Wednesday, May 28, 2014

LeetCode: Best Time to Buy and Sell Stock III

Say you have an array for which the ith element is the price of a given stock on day i.

Design an algorithm to find the maximum profit. You may complete at most two transactions.

Note:
You may not engage in multiple transactions at the same time (ie, you must sell the stock before you buy again).


We can divide the array into two parts. We can find the maximum profit in prices[0:i] with one transaction and then find the maximum profit in prices[i+1:end] with one transaction.

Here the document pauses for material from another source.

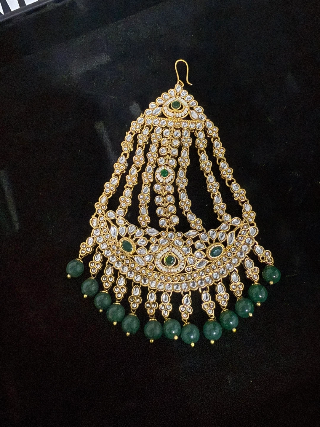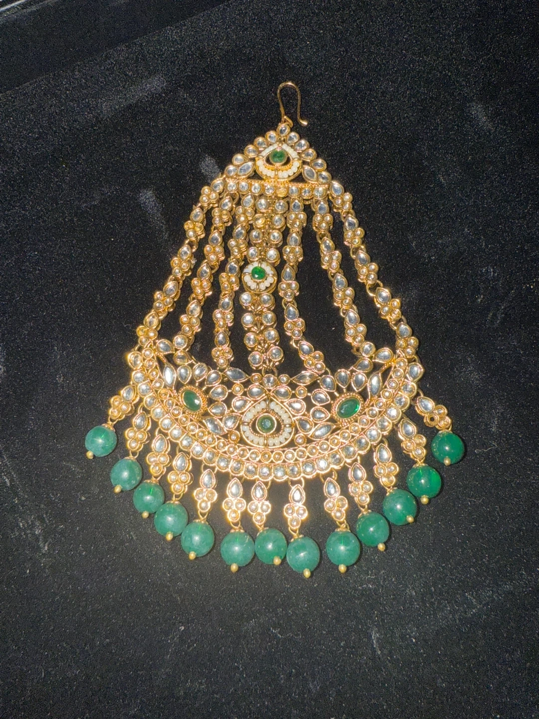 Selling a beautiful Indian bridal/ non bridal kundan passa. It features gold-tone detailing with green and kundan stones. Perfect for a wedding or special occasion!

Then we can find the maximum sum of profit in prices[0:i] and profit in prices[i+1:end].

C++ Code:

/*
 * func: maximum_profit
 * goal: find the maximum profits if at most two transactions are permitted
 * @param prices: daily price of the stock
 * return: maximum profit
 */
/*
 * find the maximum profit in [0:i] + [i+1:end]
 * complexity: time O(n), space O(n)
 */
int maximum_profit(vector<int> &prices){
    if(prices.size() == 0){
        return 0;
    }
    vector<int> max_profit_array;
    int hold_price = prices[0];
    int max_profit = 0;
    for(const int &price : prices){
        int curr_profit = price - hold_price;
        max_profit = max(max_profit, curr_profit);
        max_profit_array.emplace_back(max_profit);
        if(price < hold_price){
            hold_price = price;
        }
    }
    
    int final_profit = max_profit_array.back();
    hold_price = prices[prices.size()-1];
    max_profit = 0;
    for(int i=prices.size()-2; i >= 0; --i){
        int curr_profit = hold_price - prices[i];
        max_profit = max(max_profit, curr_profit);
        final_profit = max(final_profit, max_profit + max_profit_array[i]);
        hold_price = max(hold_price, prices[i]);
    }
    
    return final_profit;
}

Python Code:

# func: find the maximum profit if at most two transactions are permitted
# @param prices: daily price of the stock
# @return: the max profit
# complexity: time O(n), space O(n)
def maximum_profit(prices):
    if not prices:
        return 0
    hold_price = prices[0]
    max_profit = 0
    max_profit_until = []
    for price in prices:
        curr_profit = price - hold_price
        #Find the maximum profit until now for one transaction
        max_profit = max(max_profit, curr_profit)
        max_profit_until.append(max_profit)
        hold_price = min(price, hold_price)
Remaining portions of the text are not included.